Allez, une dictée... et que ça faute !

Philippe Dessouliers, 2014

Quand on pense qu'il y a tout juste quelques mois notre Éducation nationale, pour le peu de dictées qu'elle réchauffe encore dans son sein, justifiait l'adoption d'un nouveau barème de correction par l'urgente nécessité d'en finir avec une « orthographe punitive » ! Qu'elle ne vienne pas expliquer à l'heureux possesseur de ce livre qu'il doit sans doute à d'inavouables pulsions masochistes de l'avoir acheté : le risque n'est pas mince qu'il lui rie au nez...

Non que l'on ait affaire en l'occurrence, et il s'en faut d'ailleurs de beaucoup, à un monde de Bisounours : le niveau est quelquefois tel que le candidat, oserait l'intrépide Stéphane De Groodt, ne peut être que dans ses petits Dessouliers ! Seulement la difficulté, ici, compatit plus qu'elle n'humilie. Elle n'est pas prétexte à pérorer, à pontifier encore moins. Elle ne débouche jamais sur une ironie qui s'amuserait de vos lacunes, mais sur un humour qui préfère s'amuser avec elles. Qu'importe que l'on se morde les doigts plus souvent qu'à son tour, si c'est pour mieux jouer, ensuite, avec les poupées ?
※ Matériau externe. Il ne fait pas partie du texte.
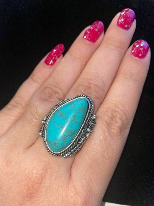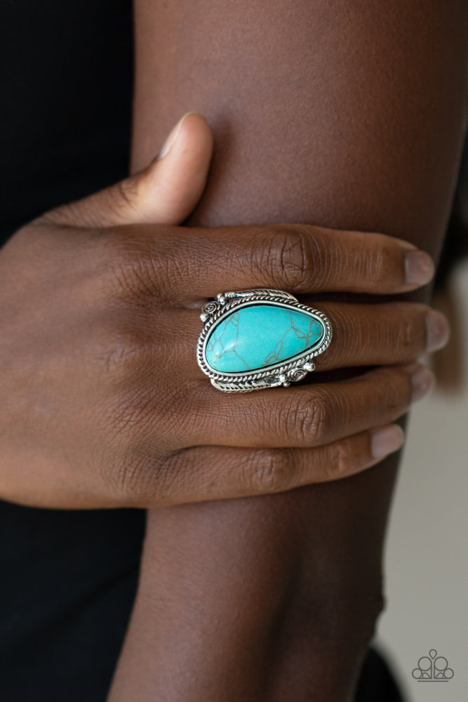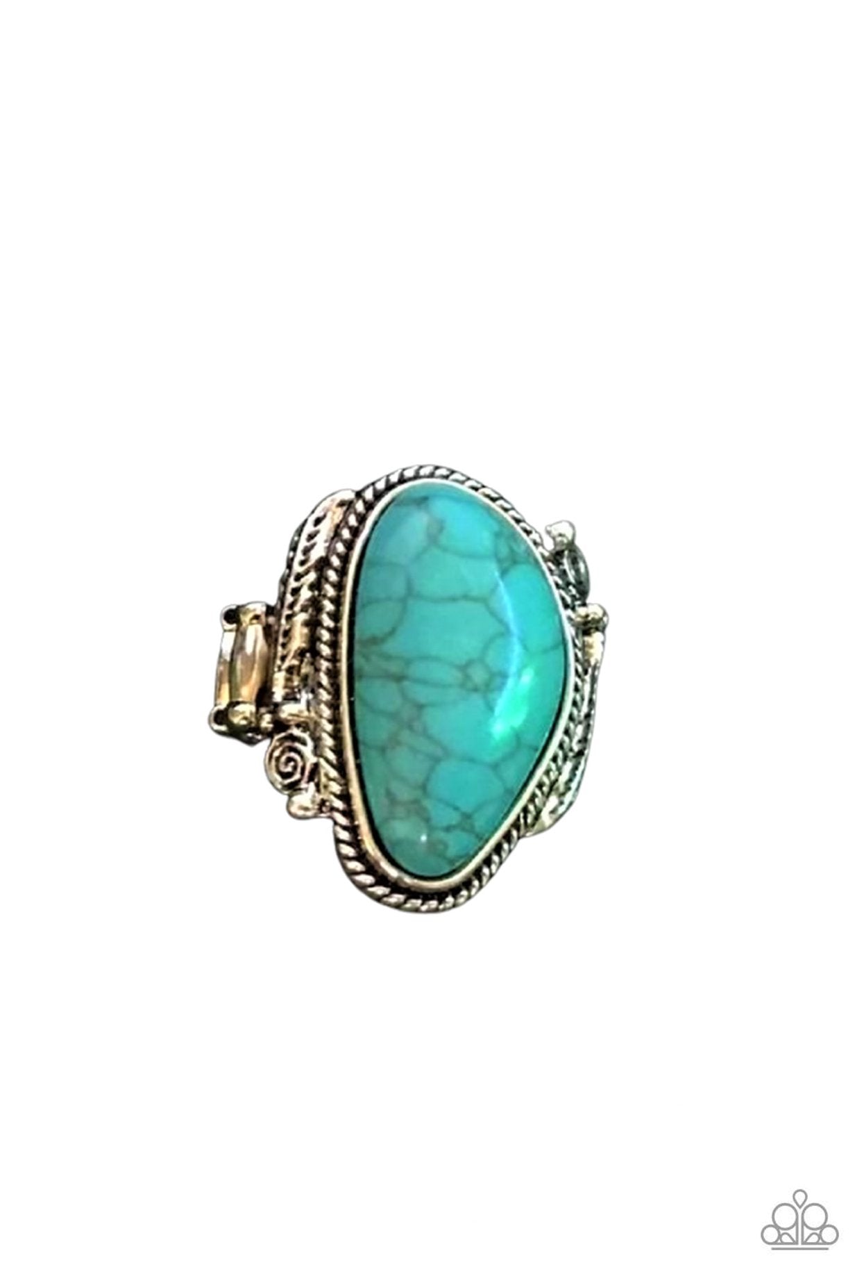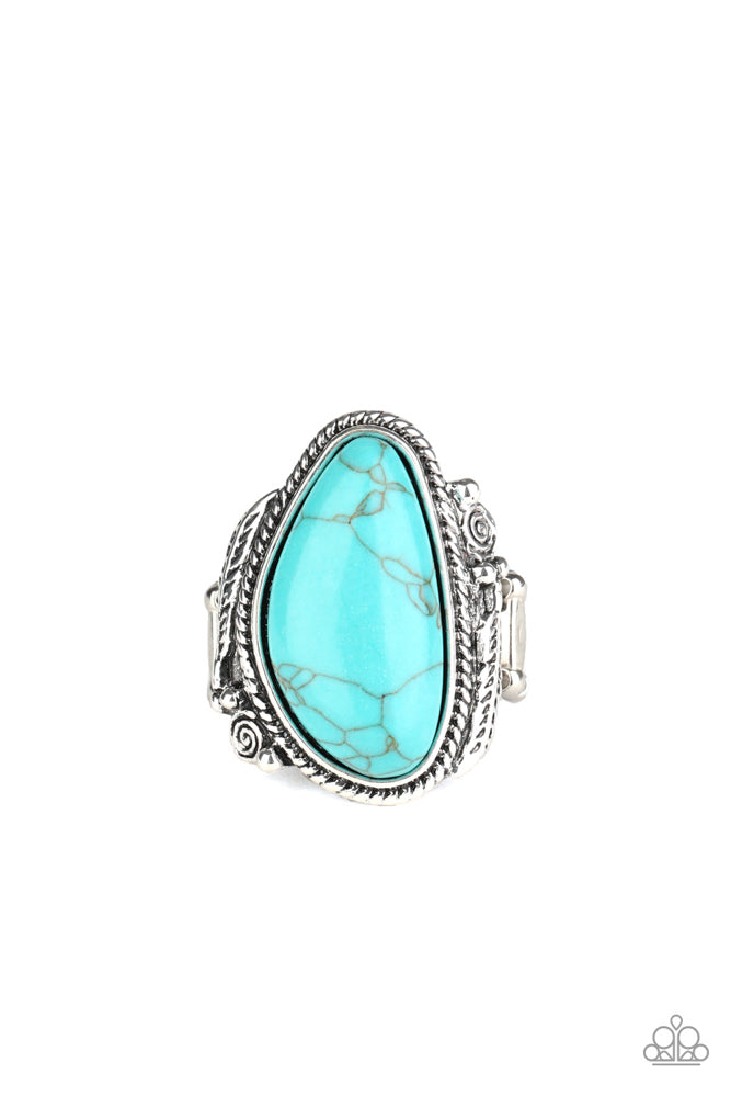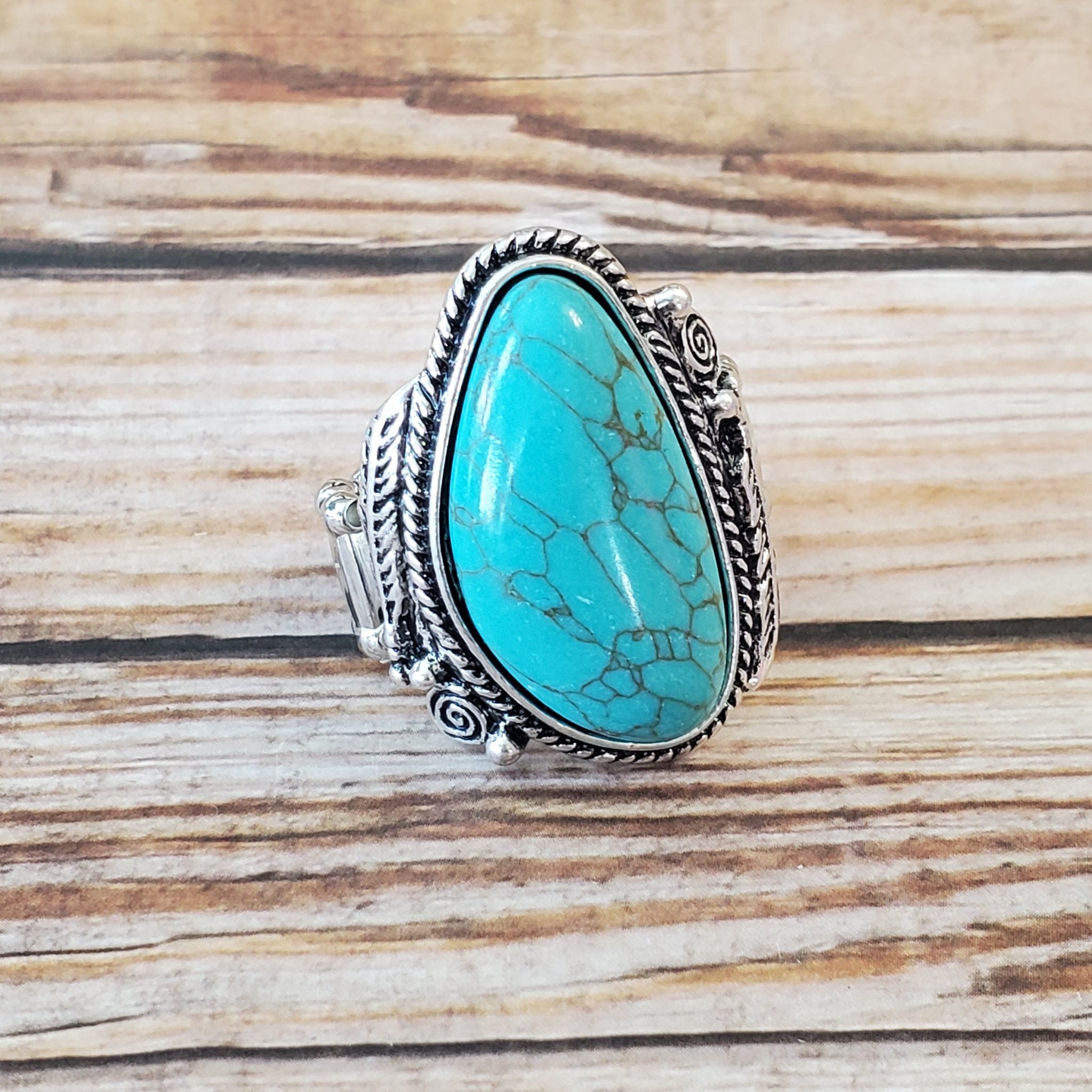 An asymmetrical turquoise stone is nestled inside of an ornate silver frame flanked by silver swirling frames and dainty silver feather charms for a whimsical look. Features a stretchy band for a flexible fit.

Dico de bronze en 2002 dès sa première participation à la dictée de Pivot, l'auteur fut un concurrent d'exception. Il ne lui aura manqué, pour exciper d'un palmarès plus étoffé, que d'être né plus tôt dans un monde moins vieux. Qu'à cela ne tienne, puisque l'attendait le sort de ces grands joueurs qui sont devenus plus grands entraîneurs encore. Dans le microcosme des Mérimées d'aujourd'hui, Philippe Dessouliers a peu de rivaux. Ses textes sont autant de machines infernales, amoureusement programmées pour vous péter à la gueule le moment venu. Au reste, ne vous y trompez pas : quelqu'un qui a l'idée de vous faire pêcher « des zées clairs à grands coups de thonaire » ne saurait être que foncièrement mauvais !

Heureusement, comme les victimes à la petite cuillère, à la pelle se ramassent les circonstances atténuantes. Tout, céans, est fait pour instruire, qui plus est en divertissant. Pour le coup, l'orthographe n'est que le plus court chemin d'un savoir à un autre, d'une matière à une autre. Je ne puis à cet instant m'empêcher d'évoquer le Gallois Roald Dahl : de l'œnologie aux antiquités en passant par les courses de lévriers, chacune de ses nouvelles nous introduisait dans un univers différent, dont on sortait chaque fois un peu plus riche. De même ici, pas une chausse-trape qui ne soit l'occasion d'une brève mais fructueuse rencontre avec l'astronomie, la mythologie ou la vexillologie. Pas un commentaire, c'est assez rare pour être souligné, qui ne nous arrache de surcroît à notre... pré carré hexagonal : les langues qu'à tort on dit étrangères — au premier chef l'anglais, qui n'a aucun secret pour notre homme — sont régulièrement conviées aux agapes. Le tout sans rien qui pèse ou qui pose : l'humour, toujours lui, veille au grain !

Le drôle précise un peu plus loin dans l'ouvrage, peut-être pour se dédouaner en partie de ses crimes, que j'ai été pour quelque chose dans son envie de prendre la plume. Si c'était vrai, il s'agirait là de mon plus beau titre.

Car autant vous prévenir : ce diable de Dessouliers, vous allez adorer l'abhorrer.